Comic book series, 2010

Millar & McNiven's Nemesis is a creator-owned comic book limited series written by Mark Millar, drawn by Steve McNiven and published by the Icon Comics imprint of Marvel Comics.

Two Image Comics-published sequels followed: Nemesis: Reloaded, and Big Game (both 2023), along with two further Dark Horse Comics-published sequels, Nemesis: Rogues' Gallery (2024–2025) and Nemesis: Forever (2025–2026).

==Publication history==
The publicity was launched in October 2009, with a teaser image containing the caption "What if Batman was the Joker?" and in a subsequent interview Millar revealed that it was only one of a number of possible lines they went with, his favourite being "What if Batman was a total cunt?" This caused concern at DC Comics, the publisher of Batman, but Millar denied there had been threats of legal action:

One of my friends at DC legal dropped me an informal email back in December saying that someone in editorial was a bit worried by the Batman and Joker mentions in an interview to promote a creator-owned book.

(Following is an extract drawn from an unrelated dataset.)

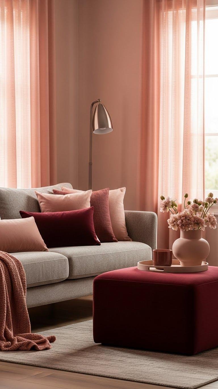Anchor the room with a blush and burgundy accent palette that feels both modern and quietly romantic—think soft rose tones paired with deep, wine-rich hues to create depth and warmth.

They politely asked if I could avoid using those names as it was creating a bit of grief for them and I agreed, saying that's absolutely fine. Steve and I chatted after, wondering if the cover was a little too much too and we decided to ditch it and do another one. It was entirely our decision and a gesture of goodwill, which the lads at DC appreciated. This has never been anything beyond a couple of friendly, informal emails.

The series also gained pre-publication attention when Millar auctioned the right to name the main policeman character, something he had done with Kick-Ass. The winning bid was $8,500 and, as with the previous auction, proceeds went to the charity run by Mark Millar's brother Dr. Bobby Millar which helps children with special needs. It proved so successful that the real name of the main supervillain character was also auctioned off, with the winner, Matthew Anderson, seeing Nemesis' civilian name be named after himself.

In 2017, a one-shot, Nemesis: We are Nemesis, written by Steve Lawrence and illustrated by Marcelo Salazo, was published by Image Comics as part of the Millarworld New Talent Annual 2017, an anthology annual consisting of one-shot specials containing winning entries from the online contest for up-and-coming creators held by Millar in 2016. Set during the events of Nemesis, the story is told from the perspective of one of Nemesis' followers.

A follow-up miniseries, titled Nemesis: Reloaded, launched in January 2023 with Jorge Jimenez serving as artist, with the series serving as a soft reboot of the character, helping to better integrate the character into the greater Millarworld shared universe, with a new Matthew "Nemesis" Anderson being trained by Wesley "The Killer II" Gibson. Following the conclusion of Reloaded, Nemesis then appeared in Big Game, a crossover with every Millarworld property illustrated by Pepe Larraz in July the same year. Two new Nemesis titles were published by Dark Horse Comics: Nemesis: Rogues' Gallery, written by Millar with Valerio Giangiordano serving as artist, was released from 2024 to 2025, and a fourth series written by Millar, Nemesis: Forever, was released from 2025 to 2026.

==Plot synopsis==
The supervillain Nemesis destroys a building in Tokyo, killing a SWAT team and a police inspector. In Washington, D.C., the FBI informs metro police Chief Inspector Blake Morrow that Nemesis is targeting him next. He is given a card reading "Blake Morrow, March 12th at midnight, Flatline still counts". Morrow has his family put in protective custody. Nemesis hijacks Air Force One over the District of Columbia, taking the United States president hostage and crashing the plane into Washington D.C., killing hundreds. Nemesis makes an international broadcast, revealing the President hostage in front of him.

Nemesis reveals to his henchmen that his real name is Matt Anderson, and his father had committed suicide after Morrow tried to imprison him for hunting runaway teenagers with his rich friends. Bored of good behaviour and less excitement, Anderson travelled the world to learn the ways of crime, hoping to fulfil his mother's dying wish to have Morrow killed.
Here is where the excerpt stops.